Crestview closes smaller-scale secondary after Jones Act issue

Crestview ran the process, called a tender offer, to allow LPs in Fund III to sell out of their interests in the fund.

Crestview Partners got more than $25 million of limited partner sales out of its third fund as part of a secondaries process completed late last year, two people with knowledge of the deal told Buyouts.

Crestview ran the process, called a tender offer, to allow LPs in Fund III to sell out of their interests in the fund. Blackstone Group’s Strategic Partners was one of the buyers on the deal, sources said.

M2O Private Fund Advisors worked as secondaries adviser on the deal. The transaction also included a shot of fresh capital into Crestview’s fourth fund, which is in the market and raised at least $1.8 billion. Fund III closed on more than $3 billion in 2015.
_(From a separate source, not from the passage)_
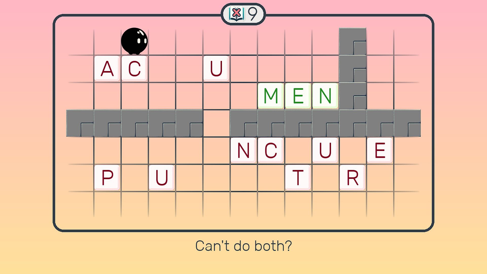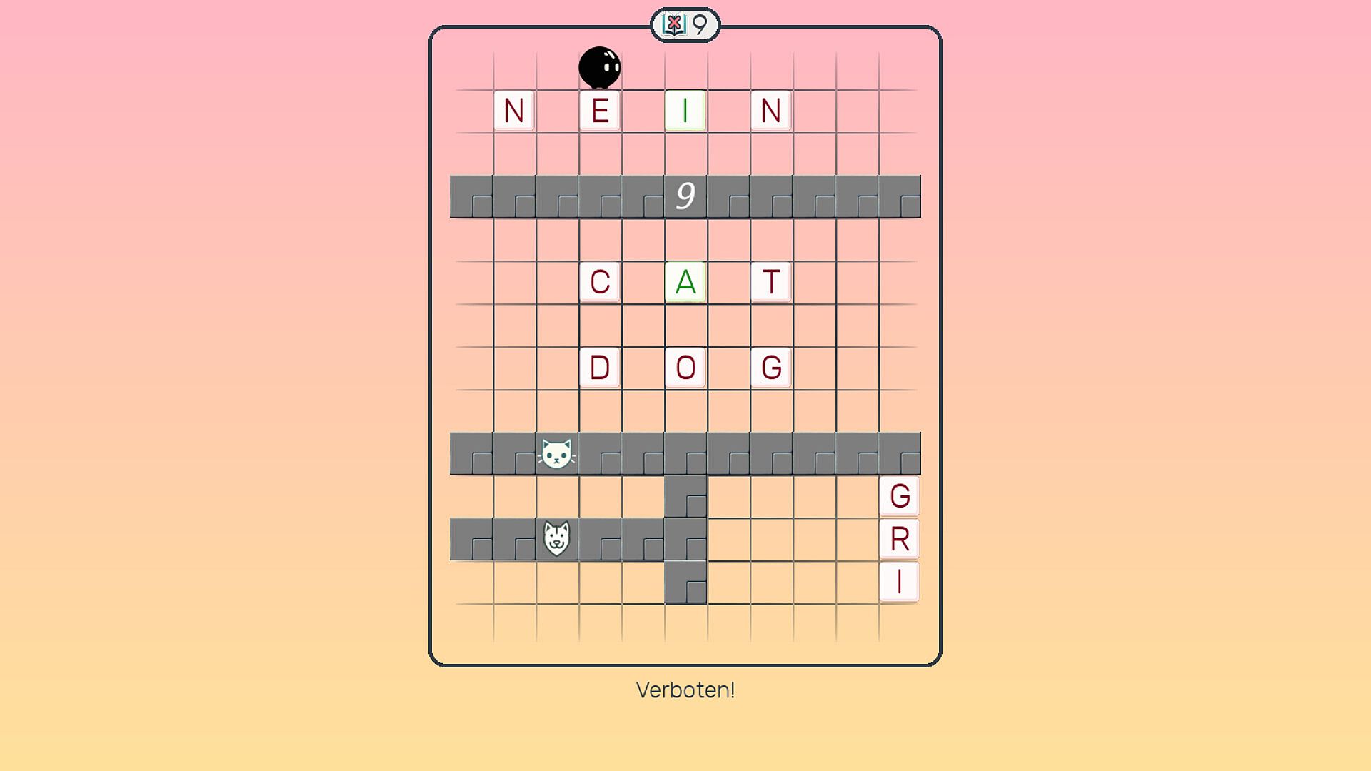 While the main challenge is word-based, there’s a moderately increasing Sokoban (block-pushing) element as the game progresses.

In a tender offer, a sponsor lines up a buyer with an agreed-upon price for LP interests, and then LPs can choose to sell or not. Tender offers also often include staples of fresh capital into a new funds.
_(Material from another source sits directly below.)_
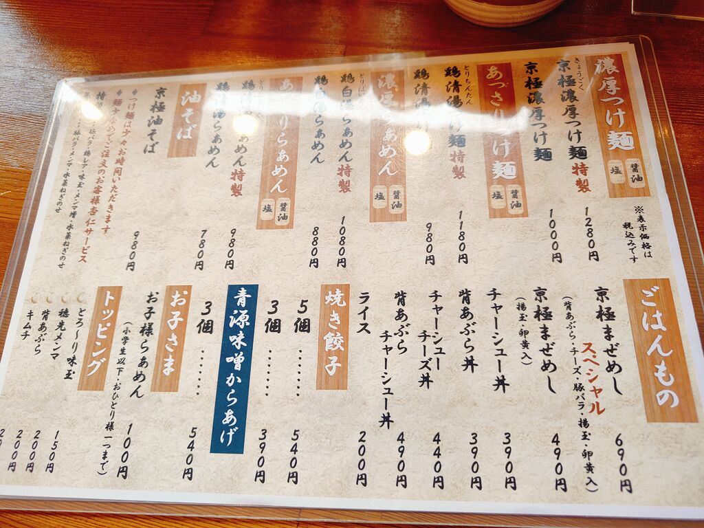 | 亰極濃厚つけ麺特製 | 1,280円 |

Fund III was generating a 14.2 percent internal rate of return and a 1.32x total value to paid-in multiple as of June 30, 2019, according to performance information from the North Carolina treasurer’s office. Out of Crestview’s $150 million commitment, about $64.5 million had not yet been called as of the same date, North Carolina’s Treasurer said.

Crestview’s tender process was smaller than the firm originally envisioned. Initially, the firm wanted to include Funds II and III in the tender offer. The two funds held an estimated $4.6 billion in unrealized value as of March 31, Buyouts’ sister publication Secondaries Investor reported last year, citing a document outlining the process.
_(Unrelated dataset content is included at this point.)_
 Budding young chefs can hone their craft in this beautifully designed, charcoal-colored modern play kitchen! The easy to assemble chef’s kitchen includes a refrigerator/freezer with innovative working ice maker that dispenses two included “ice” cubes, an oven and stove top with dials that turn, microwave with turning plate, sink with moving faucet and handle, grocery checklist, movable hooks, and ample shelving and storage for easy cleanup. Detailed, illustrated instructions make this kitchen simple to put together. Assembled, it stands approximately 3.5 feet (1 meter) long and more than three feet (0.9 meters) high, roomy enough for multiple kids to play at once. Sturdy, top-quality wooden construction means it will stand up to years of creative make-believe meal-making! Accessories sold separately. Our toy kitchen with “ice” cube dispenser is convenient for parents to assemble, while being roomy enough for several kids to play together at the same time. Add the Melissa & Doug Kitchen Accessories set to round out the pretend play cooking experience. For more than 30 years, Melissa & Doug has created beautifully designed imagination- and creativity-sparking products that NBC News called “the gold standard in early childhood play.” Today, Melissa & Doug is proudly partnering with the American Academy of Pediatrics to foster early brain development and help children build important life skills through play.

The process was launched in July with final bids due August 20, the story said. The process was expected to wrap up by late September, according to the story.

However, the tender offer eventually only included Fund III, sources told Buyouts.

Several factors impacted the process. One involved the Jones Act, which regulates maritime commerce in the US. The rules govern shipping between US ports and has implications for the energy sector, of which Crestview has exposure.

One buyer on the deal had foreign-based underlying LPs in its fund, which would have run up against the regulations, sources said. This caused the buyer to back out and the process to be delayed, they said.

Some buyers have provisions in their fund contracts to carve-out non-US investors from deals involving regulations like the Jones Act, one secondary buyer said.

Also, tender offers with staple components seemed to fall out of favor last year, according to recent 2019 volume surveys.

LP tender offers represented only about $4 billion of volume last year out of around $26 billion of total GP-led transaction activity, the majority of which involved asset-based deals like fund restructuring, according to Evercore’s 2019 volume report. Total deal volume came in around $88 billion, Greenhill Cogent said in its 2019 volume report.

Greenhill Cogent found that one factor that went into the rise of failed transactions last year was a requirement of a staple or follow-on capital, the report said. Secondaries buyers generally have mixed reviews about tender offers that involve staples. The presence of a staple can be viewed as a conflict for the GP, who may be tempted to accept a lower price bidder who is willing to put some fresh capital into a new fund. “You start to lose some alignment” with staples, the secondaries buyer said.

Spokespeople for Crestview and Blackstone declined to comment.